**Prompt**
Using the records below, output the stretch that opens with the line containing "图 赴宿淮盐公司调研除雪防冻系统" and closes with the line containing "Fornecimento e colocação", exactly and including both lines, with nothing more.

**Saved entries**
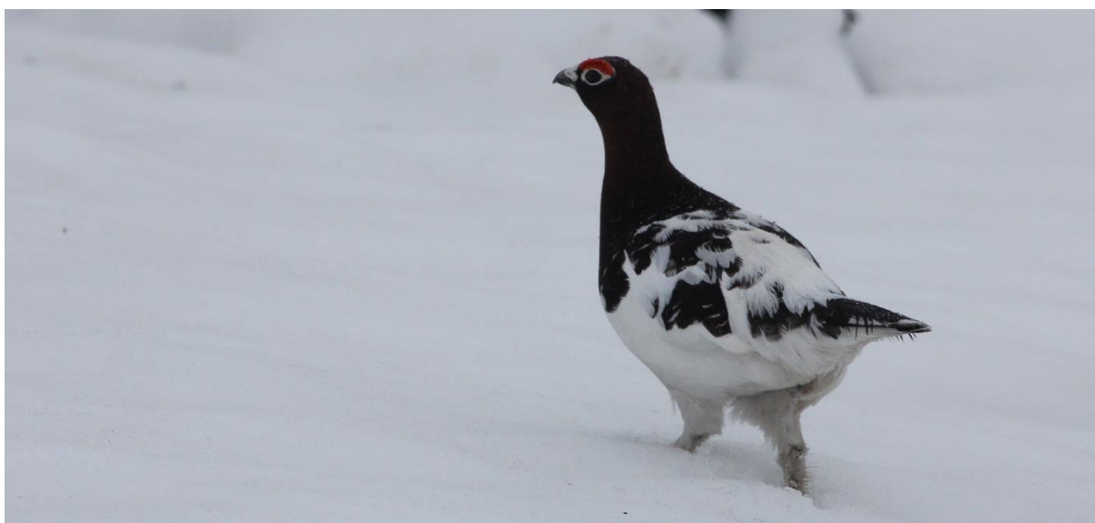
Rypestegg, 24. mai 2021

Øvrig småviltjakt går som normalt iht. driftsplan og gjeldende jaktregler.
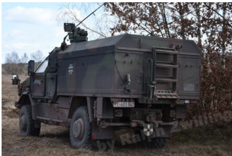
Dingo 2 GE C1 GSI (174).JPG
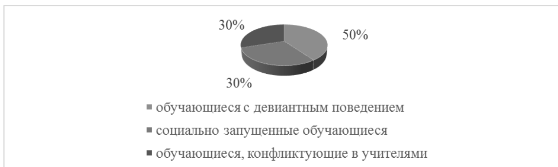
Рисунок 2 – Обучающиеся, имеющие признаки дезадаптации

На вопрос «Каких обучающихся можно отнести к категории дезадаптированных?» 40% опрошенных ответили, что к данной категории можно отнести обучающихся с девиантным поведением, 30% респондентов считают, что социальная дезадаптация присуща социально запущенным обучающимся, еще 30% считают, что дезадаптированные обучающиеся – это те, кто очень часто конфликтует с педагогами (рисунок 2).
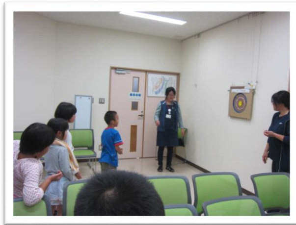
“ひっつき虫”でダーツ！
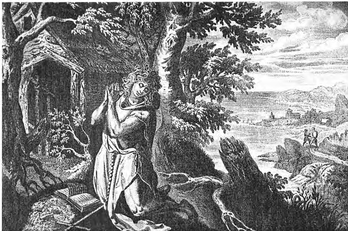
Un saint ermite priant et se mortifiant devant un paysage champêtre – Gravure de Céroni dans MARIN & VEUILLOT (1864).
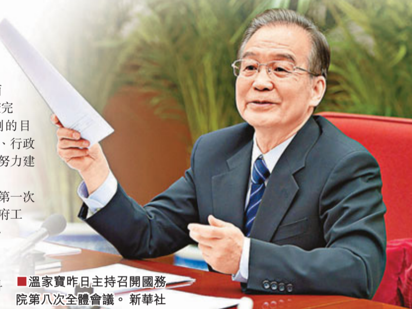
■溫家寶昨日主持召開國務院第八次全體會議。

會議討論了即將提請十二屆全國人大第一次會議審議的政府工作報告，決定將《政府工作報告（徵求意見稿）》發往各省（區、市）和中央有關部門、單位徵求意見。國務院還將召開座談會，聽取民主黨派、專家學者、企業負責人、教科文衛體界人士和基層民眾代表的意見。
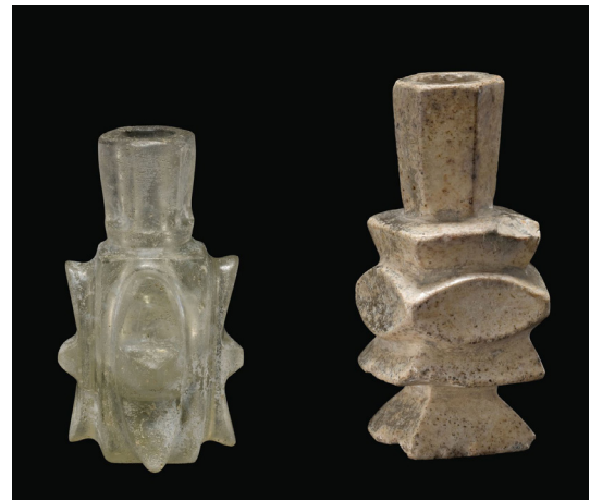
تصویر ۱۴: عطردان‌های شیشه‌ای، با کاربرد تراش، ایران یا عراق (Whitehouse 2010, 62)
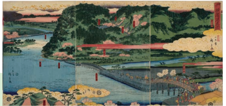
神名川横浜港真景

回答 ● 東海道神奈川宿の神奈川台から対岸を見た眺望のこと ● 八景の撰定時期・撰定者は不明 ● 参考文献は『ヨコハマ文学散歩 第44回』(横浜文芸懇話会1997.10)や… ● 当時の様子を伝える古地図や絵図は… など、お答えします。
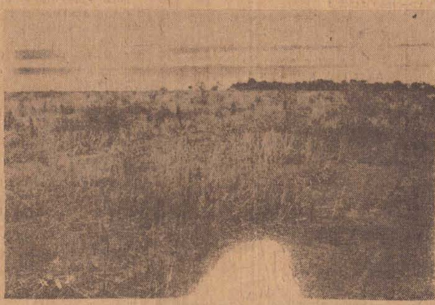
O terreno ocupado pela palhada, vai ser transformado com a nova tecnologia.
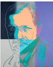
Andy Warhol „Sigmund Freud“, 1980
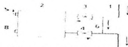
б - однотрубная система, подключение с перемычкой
==
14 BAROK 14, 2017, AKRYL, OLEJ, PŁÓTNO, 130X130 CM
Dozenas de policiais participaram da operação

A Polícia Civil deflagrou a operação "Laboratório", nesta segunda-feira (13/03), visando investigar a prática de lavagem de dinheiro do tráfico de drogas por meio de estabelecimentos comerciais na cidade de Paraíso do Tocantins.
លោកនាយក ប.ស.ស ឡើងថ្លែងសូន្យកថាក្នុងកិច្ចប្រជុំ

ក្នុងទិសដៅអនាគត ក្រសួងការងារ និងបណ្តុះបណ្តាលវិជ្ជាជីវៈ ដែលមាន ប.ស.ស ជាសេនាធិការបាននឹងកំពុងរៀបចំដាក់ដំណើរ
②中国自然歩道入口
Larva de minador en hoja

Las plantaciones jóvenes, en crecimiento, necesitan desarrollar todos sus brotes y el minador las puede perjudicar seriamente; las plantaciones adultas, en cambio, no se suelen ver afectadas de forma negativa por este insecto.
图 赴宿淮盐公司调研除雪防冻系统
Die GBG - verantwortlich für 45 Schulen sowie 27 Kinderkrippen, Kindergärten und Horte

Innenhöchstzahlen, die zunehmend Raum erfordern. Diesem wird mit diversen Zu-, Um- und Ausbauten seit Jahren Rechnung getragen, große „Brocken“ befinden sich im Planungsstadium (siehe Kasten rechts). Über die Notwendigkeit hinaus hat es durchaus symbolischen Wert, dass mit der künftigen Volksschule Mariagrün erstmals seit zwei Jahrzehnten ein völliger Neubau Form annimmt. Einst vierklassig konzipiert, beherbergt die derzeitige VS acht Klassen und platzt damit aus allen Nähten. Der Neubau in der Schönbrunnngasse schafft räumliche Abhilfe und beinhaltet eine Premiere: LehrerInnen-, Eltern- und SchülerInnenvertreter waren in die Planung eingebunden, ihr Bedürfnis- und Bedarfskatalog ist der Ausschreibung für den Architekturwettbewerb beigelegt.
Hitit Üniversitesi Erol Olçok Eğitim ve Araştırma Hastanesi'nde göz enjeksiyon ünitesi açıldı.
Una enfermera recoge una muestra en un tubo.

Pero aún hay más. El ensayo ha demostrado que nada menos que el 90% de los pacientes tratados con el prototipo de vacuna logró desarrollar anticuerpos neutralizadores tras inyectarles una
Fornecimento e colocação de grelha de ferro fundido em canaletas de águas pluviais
---
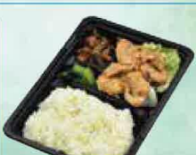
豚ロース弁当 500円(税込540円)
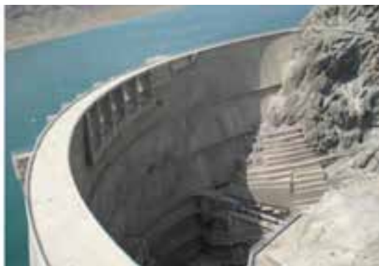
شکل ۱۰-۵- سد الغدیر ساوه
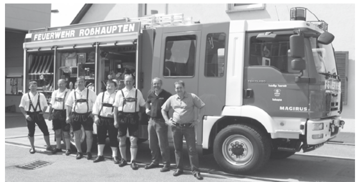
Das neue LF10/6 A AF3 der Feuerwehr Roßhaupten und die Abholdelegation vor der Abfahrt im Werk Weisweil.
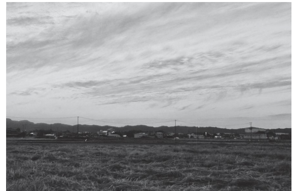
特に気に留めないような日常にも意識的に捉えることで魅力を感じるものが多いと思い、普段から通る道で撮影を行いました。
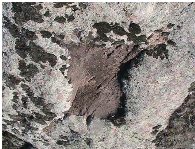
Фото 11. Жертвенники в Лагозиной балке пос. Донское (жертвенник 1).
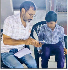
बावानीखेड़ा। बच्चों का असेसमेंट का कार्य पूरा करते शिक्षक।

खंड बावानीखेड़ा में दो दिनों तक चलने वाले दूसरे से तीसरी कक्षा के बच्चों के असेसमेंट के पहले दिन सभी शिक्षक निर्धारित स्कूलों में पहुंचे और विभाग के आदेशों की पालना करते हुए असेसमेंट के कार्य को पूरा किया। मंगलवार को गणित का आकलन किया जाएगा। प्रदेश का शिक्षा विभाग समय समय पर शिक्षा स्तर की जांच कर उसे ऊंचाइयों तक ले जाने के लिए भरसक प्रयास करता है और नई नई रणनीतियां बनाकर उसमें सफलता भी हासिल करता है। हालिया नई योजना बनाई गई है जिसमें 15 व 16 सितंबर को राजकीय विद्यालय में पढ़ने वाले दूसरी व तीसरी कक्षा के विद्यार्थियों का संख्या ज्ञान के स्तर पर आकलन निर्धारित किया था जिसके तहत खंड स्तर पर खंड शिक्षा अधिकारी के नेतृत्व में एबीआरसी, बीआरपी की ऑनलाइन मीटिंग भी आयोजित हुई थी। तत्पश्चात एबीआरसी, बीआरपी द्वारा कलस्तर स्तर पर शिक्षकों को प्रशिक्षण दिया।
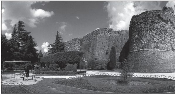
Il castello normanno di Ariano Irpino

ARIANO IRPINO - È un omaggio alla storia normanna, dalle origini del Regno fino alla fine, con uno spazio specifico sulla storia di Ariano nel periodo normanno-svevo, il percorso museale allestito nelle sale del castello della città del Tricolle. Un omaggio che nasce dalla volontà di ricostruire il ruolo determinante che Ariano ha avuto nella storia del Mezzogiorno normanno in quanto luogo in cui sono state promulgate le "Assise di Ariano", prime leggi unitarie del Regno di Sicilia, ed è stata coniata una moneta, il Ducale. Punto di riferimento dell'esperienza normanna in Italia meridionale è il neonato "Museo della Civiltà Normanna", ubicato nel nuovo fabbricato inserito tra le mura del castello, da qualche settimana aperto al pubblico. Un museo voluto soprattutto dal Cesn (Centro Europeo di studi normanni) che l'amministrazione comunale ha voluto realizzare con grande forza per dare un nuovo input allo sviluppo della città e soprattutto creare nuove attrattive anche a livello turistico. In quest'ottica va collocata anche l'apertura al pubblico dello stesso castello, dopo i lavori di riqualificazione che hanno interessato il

**Task output**
图 赴宿淮盐公司调研除雪防冻系统
Die GBG - verantwortlich für 45 Schulen sowie 27 Kinderkrippen, Kindergärten und Horte

Innenhöchstzahlen, die zunehmend Raum erfordern. Diesem wird mit diversen Zu-, Um- und Ausbauten seit Jahren Rechnung getragen, große „Brocken“ befinden sich im Planungsstadium (siehe Kasten rechts). Über die Notwendigkeit hinaus hat es durchaus symbolischen Wert, dass mit der künftigen Volksschule Mariagrün erstmals seit zwei Jahrzehnten ein völliger Neubau Form annimmt. Einst vierklassig konzipiert, beherbergt die derzeitige VS acht Klassen und platzt damit aus allen Nähten. Der Neubau in der Schönbrunnngasse schafft räumliche Abhilfe und beinhaltet eine Premiere: LehrerInnen-, Eltern- und SchülerInnenvertreter waren in die Planung eingebunden, ihr Bedürfnis- und Bedarfskatalog ist der Ausschreibung für den Architekturwettbewerb beigelegt.
Hitit Üniversitesi Erol Olçok Eğitim ve Araştırma Hastanesi'nde göz enjeksiyon ünitesi açıldı.
Una enfermera recoge una muestra en un tubo.

Pero aún hay más. El ensayo ha demostrado que nada menos que el 90% de los pacientes tratados con el prototipo de vacuna logró desarrollar anticuerpos neutralizadores tras inyectarles una
Fornecimento e colocação de grelha de ferro fundido em canaletas de águas pluviais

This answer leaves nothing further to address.